====== Records supplied ======
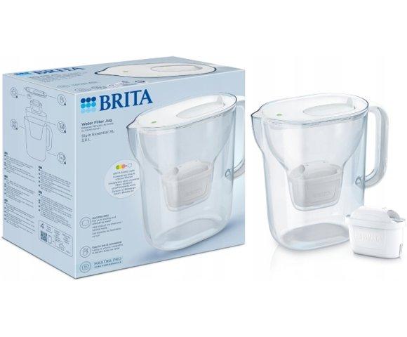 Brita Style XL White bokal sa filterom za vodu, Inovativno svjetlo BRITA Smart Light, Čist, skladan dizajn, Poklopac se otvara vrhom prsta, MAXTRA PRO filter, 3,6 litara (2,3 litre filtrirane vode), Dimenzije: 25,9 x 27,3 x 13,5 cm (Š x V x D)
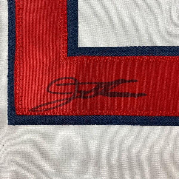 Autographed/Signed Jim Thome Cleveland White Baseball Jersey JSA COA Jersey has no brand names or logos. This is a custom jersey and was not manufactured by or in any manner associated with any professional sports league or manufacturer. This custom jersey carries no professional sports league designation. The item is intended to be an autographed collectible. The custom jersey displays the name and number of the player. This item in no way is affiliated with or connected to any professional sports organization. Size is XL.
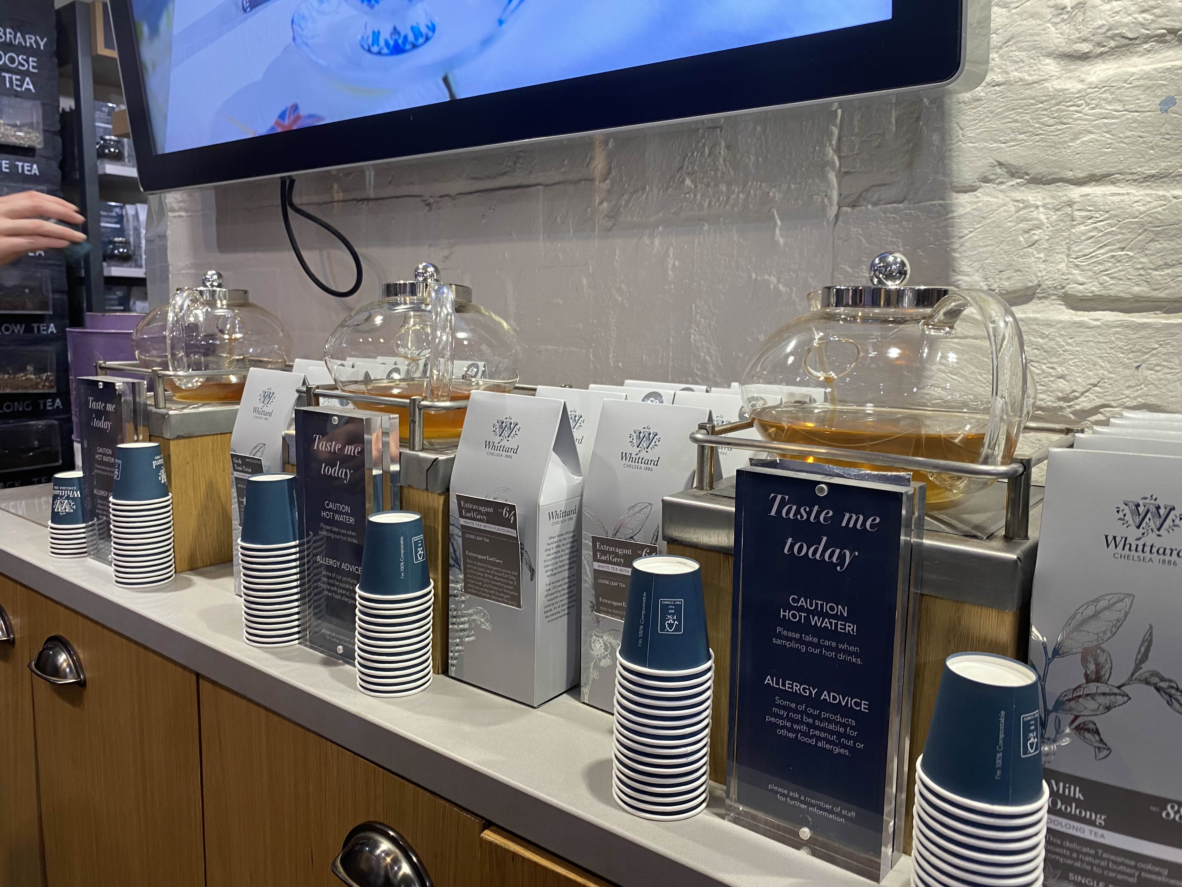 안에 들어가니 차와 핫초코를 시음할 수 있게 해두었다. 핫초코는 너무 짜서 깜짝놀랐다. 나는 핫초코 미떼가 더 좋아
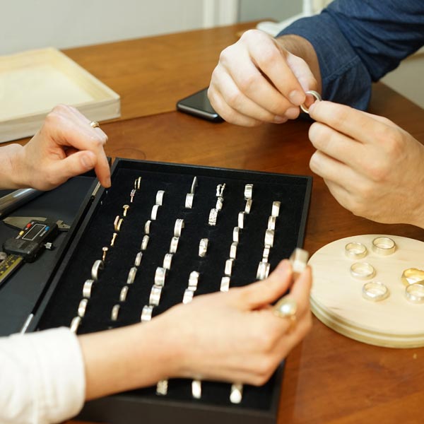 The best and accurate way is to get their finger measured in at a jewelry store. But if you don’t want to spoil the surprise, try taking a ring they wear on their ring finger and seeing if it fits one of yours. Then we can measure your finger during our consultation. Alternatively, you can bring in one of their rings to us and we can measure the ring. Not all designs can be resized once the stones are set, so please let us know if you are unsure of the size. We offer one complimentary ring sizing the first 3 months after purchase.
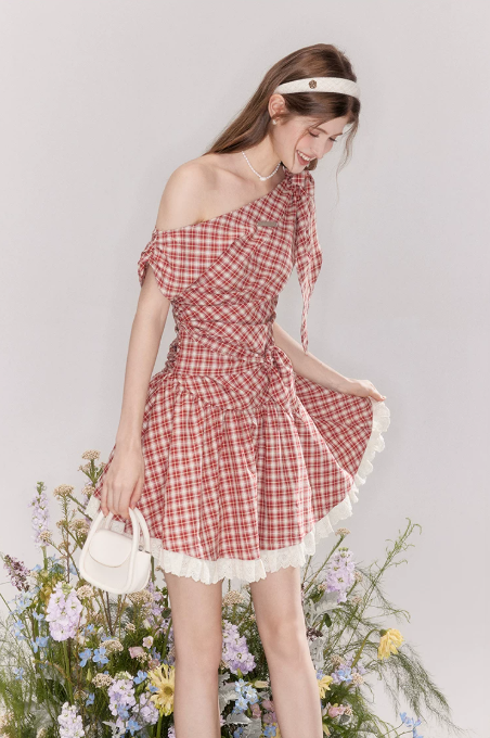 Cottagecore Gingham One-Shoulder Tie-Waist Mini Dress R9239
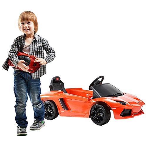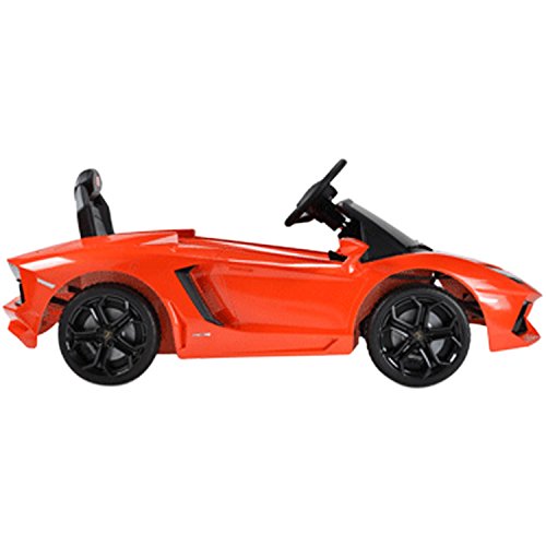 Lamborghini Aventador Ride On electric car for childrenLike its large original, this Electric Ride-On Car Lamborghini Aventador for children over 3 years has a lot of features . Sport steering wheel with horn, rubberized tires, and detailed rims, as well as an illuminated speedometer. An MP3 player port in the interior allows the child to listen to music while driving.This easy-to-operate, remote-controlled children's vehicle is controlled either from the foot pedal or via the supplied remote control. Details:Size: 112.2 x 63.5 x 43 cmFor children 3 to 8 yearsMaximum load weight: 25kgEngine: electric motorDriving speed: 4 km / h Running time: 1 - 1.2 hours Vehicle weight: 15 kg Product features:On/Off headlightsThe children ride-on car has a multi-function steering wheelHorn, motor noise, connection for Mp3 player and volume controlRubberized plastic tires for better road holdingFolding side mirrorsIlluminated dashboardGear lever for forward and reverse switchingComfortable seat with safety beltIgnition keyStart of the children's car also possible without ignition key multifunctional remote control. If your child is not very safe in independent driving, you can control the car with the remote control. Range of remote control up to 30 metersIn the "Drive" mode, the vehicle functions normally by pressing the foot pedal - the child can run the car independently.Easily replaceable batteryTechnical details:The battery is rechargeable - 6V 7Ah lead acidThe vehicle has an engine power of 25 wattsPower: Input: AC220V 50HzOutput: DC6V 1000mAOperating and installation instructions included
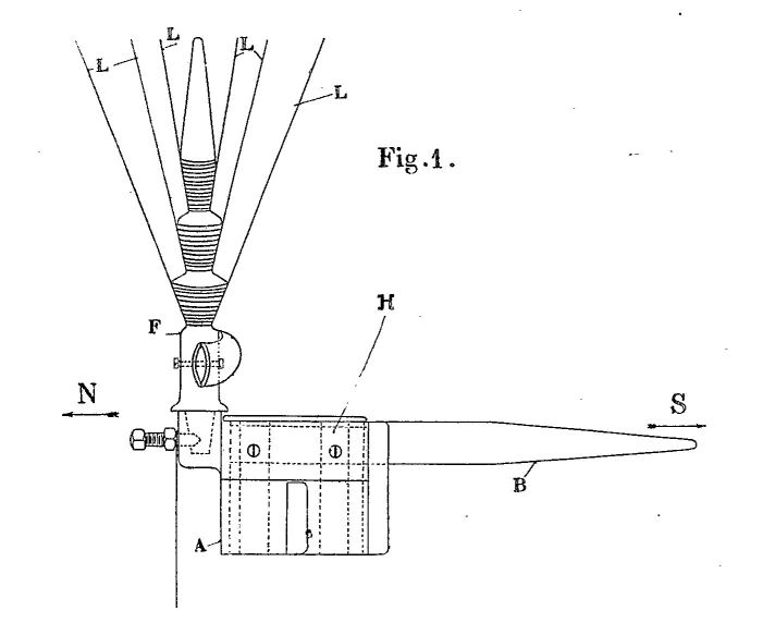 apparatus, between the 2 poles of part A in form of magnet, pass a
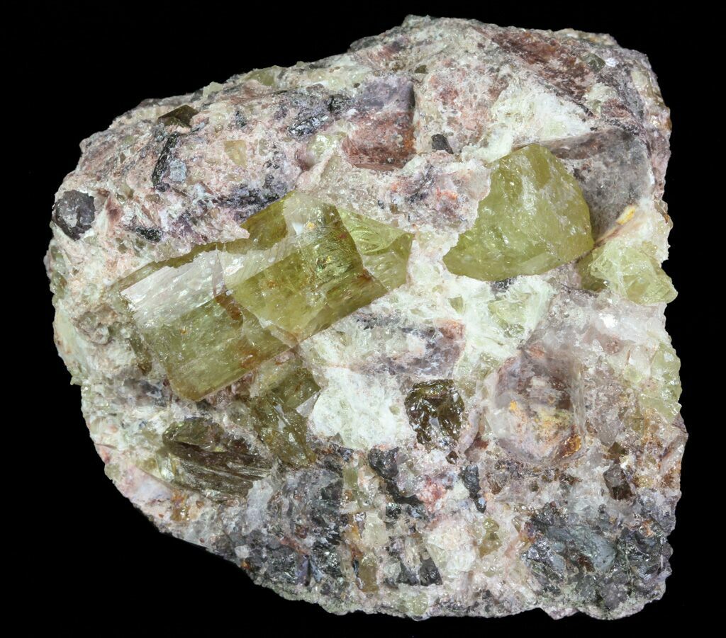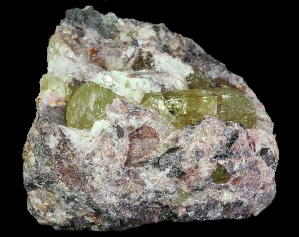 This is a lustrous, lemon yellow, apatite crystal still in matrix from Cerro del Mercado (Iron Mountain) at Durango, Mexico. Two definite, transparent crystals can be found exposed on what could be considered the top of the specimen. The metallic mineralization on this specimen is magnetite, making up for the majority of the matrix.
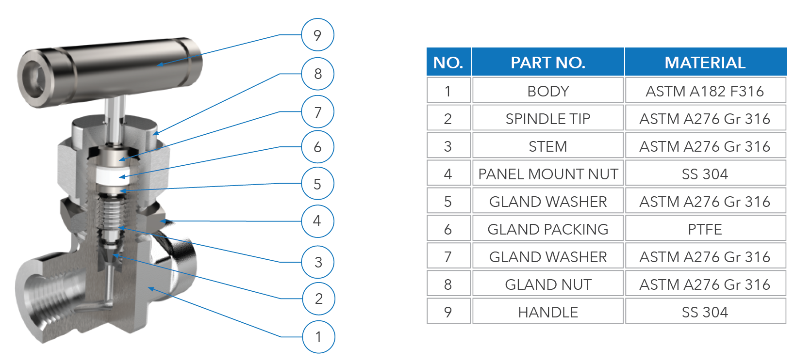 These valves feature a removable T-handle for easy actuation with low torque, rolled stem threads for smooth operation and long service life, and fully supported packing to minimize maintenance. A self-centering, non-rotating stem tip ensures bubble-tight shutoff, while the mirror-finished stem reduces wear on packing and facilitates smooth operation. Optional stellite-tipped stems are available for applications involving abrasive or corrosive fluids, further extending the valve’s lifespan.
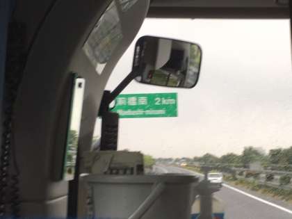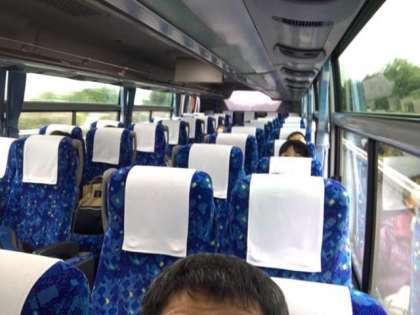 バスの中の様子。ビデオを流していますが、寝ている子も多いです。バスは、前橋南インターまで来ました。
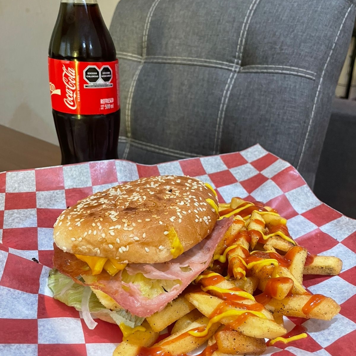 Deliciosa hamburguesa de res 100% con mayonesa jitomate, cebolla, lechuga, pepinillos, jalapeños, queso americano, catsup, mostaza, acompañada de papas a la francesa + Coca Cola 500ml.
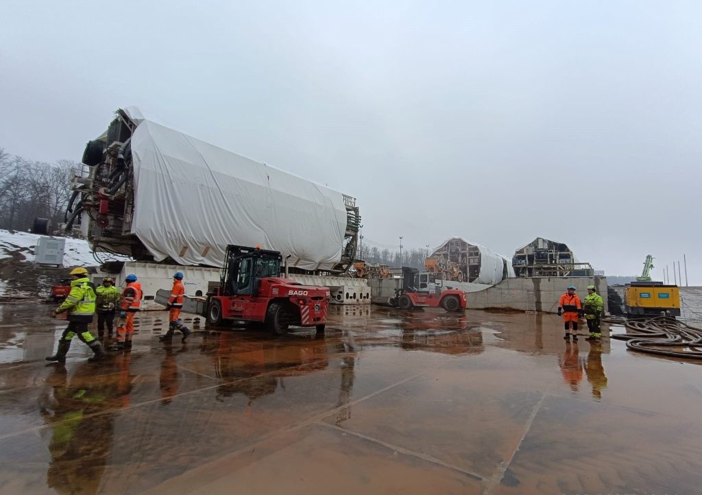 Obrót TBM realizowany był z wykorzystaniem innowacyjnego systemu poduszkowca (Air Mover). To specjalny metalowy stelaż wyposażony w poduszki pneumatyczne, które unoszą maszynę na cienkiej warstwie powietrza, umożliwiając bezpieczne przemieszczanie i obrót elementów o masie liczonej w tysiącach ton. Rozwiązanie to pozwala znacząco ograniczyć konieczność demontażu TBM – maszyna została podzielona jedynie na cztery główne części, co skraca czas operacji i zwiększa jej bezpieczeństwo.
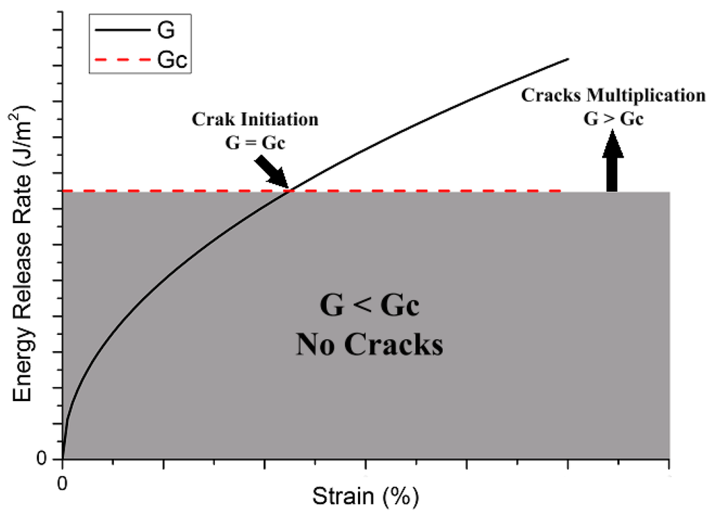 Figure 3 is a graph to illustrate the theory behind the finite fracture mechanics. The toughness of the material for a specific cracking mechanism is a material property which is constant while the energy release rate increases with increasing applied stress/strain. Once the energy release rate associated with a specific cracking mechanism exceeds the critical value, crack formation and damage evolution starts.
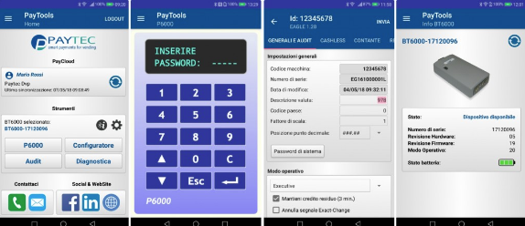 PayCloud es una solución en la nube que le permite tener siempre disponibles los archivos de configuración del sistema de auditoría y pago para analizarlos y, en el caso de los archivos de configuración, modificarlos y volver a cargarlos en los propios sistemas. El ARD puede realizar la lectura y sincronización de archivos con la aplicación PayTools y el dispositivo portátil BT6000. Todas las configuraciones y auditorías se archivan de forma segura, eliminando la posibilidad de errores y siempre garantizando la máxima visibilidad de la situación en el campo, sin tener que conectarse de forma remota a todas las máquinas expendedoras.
======
Directions >>
The lines above starting at the one that holds "Cottagecore Gingham One-Shoulder" and ending at the one that holds "This is a lustrous, lemon" are to be written out exactly, ends included, and no pictures are to be copied.

Result below >>
 Cottagecore Gingham One-Shoulder Tie-Waist Mini Dress R9239
 Lamborghini Aventador Ride On electric car for childrenLike its large original, this Electric Ride-On Car Lamborghini Aventador for children over 3 years has a lot of features . Sport steering wheel with horn, rubberized tires, and detailed rims, as well as an illuminated speedometer. An MP3 player port in the interior allows the child to listen to music while driving.This easy-to-operate, remote-controlled children's vehicle is controlled either from the foot pedal or via the supplied remote control. Details:Size: 112.2 x 63.5 x 43 cmFor children 3 to 8 yearsMaximum load weight: 25kgEngine: electric motorDriving speed: 4 km / h Running time: 1 - 1.2 hours Vehicle weight: 15 kg Product features:On/Off headlightsThe children ride-on car has a multi-function steering wheelHorn, motor noise, connection for Mp3 player and volume controlRubberized plastic tires for better road holdingFolding side mirrorsIlluminated dashboardGear lever for forward and reverse switchingComfortable seat with safety beltIgnition keyStart of the children's car also possible without ignition key multifunctional remote control. If your child is not very safe in independent driving, you can control the car with the remote control. Range of remote control up to 30 metersIn the "Drive" mode, the vehicle functions normally by pressing the foot pedal - the child can run the car independently.Easily replaceable batteryTechnical details:The battery is rechargeable - 6V 7Ah lead acidThe vehicle has an engine power of 25 wattsPower: Input: AC220V 50HzOutput: DC6V 1000mAOperating and installation instructions included
 apparatus, between the 2 poles of part A in form of magnet, pass a
 This is a lustrous, lemon yellow, apatite crystal still in matrix from Cerro del Mercado (Iron Mountain) at Durango, Mexico. Two definite, transparent crystals can be found exposed on what could be considered the top of the specimen. The metallic mineralization on this specimen is magnetite, making up for the majority of the matrix.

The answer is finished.